Vila Nova da Gaia is crammed with port lodges, making picking just one tricky. Our money goes on the venerable Taylor’s, which has been decanting some of the finest ports since 1692. A €5 guided tour of its impressive cellars – note the eye-popping 100,000L vat of late bottled vintage – includes a tasting of three ports (an extra dry white, a late bottled vintage and a 10-year tawny) in the library room.
Should you prefer wine to port, make a beeline instead for theViniPortugal, housed in the splendid neoclassical Palácio da Bolsa, where a €2 enocard is your ticket to tasting two to four wines from 12 chosen from different Portuguese regions. A more intimate choice is Prova, a terrific wine-bar-tasting room, where the passion of the owner, Diogo Amado, is infectious. He’s knowledgeable about his subject and will talk you through the subtle nuances of regional wines.
In need of a shot of caffeine after that little lot? The art nouveau Café Majestic rewinds to a more glamorous age, with its opulently gilded, mirrored interior and dapper waiters. The revamped 1920s Leitaria da Quinta do Paço is a cafe-patisserie bringing a dash of Paris to Porto. The feather-light, cream-filled éclairs are a thing of beauty, in flavours from classic lemon to blue cheese, apple and fennel, and chocolate with port wine.
Table for dinner
A wander through the alley-woven heart of Porto’s Ribeira neighbourhood works up an appetite. Before dinner, go for an aperitif and petiscos (tapas) at the Wine Quay Bar, affording dress-circle views of the river and Ponte Dom Luís I loping over to Vila Nova de Gaia where the port lodges light up one by one. Or hang out with a chilled crowd in the boho-cool Café Candelabro, a born-again bookstore serving drinks.
Porto has raised the culinary bar of late. To find out why, snag a table at super-stylish DOP, where Rui Paula heads up the kitchen and the eight-course tasting menu sings of the seasons. For more of a bistro vibe, try casual, buzzy Cantinho do Avillez, for winningly fresh Portuguese numbers like Alentejo black pork with French fries, coriander and garlic.

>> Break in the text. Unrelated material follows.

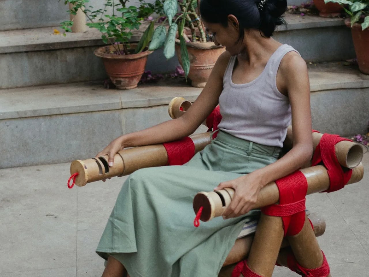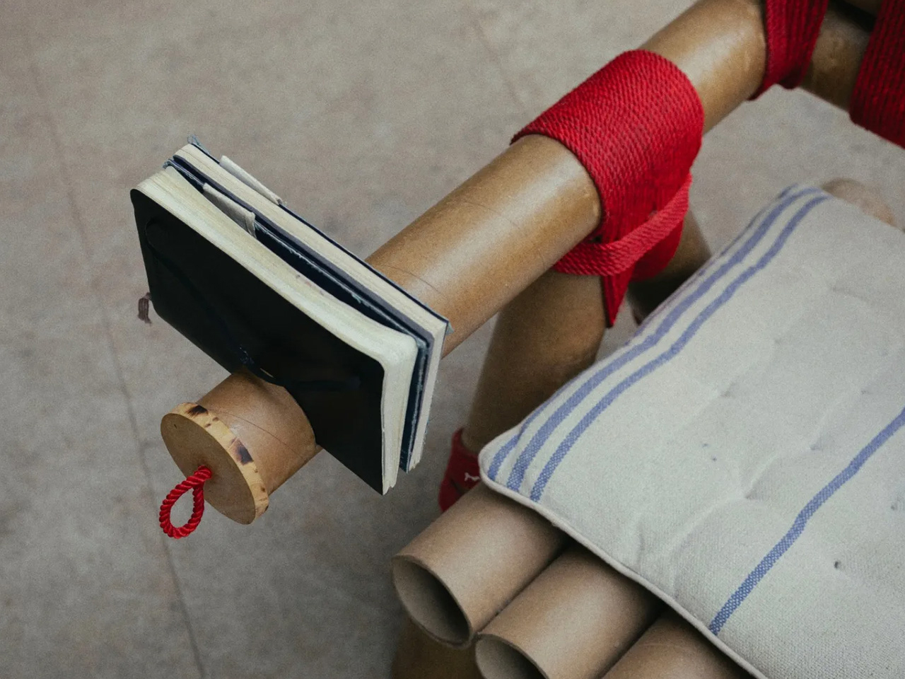 The Paper Tube Chair reframes design as a democratic act rather than a luxury pursuit. Conceived by the Dhammada Collective in Bhopal, founded by Nipun Prabhakar, it echoes Pierre Jeanneret’s library chairs yet replaces teak with discarded cardboard tubes. The studio advocates “joyful frugality”, applying strong design principles using overlooked materials so good furniture need not remain a metropolitan privilege. Cardboard cores from a print shop, destined for landfill due to glue layers that prevent recycling, are intercepted and cut like bamboo. Surplus vermilion rope from weaving workshops binds the tubes in a continuous figure-eight lashing that tightens under load and allows later repair.

Or for rustic romance, take a taxi north of town to O Paparico(opaparico.com), where dishes like veal with wild mushrooms and monkfish rice are cooked to a T and served by candlelight. From its five-star hilltop perch, The Yeatman pairs innovative cooking with twinkling city views. Wave-lashed Foz do Douro out west has two culinary aces up its sleeve: Michelin-starred Pedro Lemos and the Boa Nova Tea House, alluringly set above the crashing Atlantic, which cooks up outstanding seafood.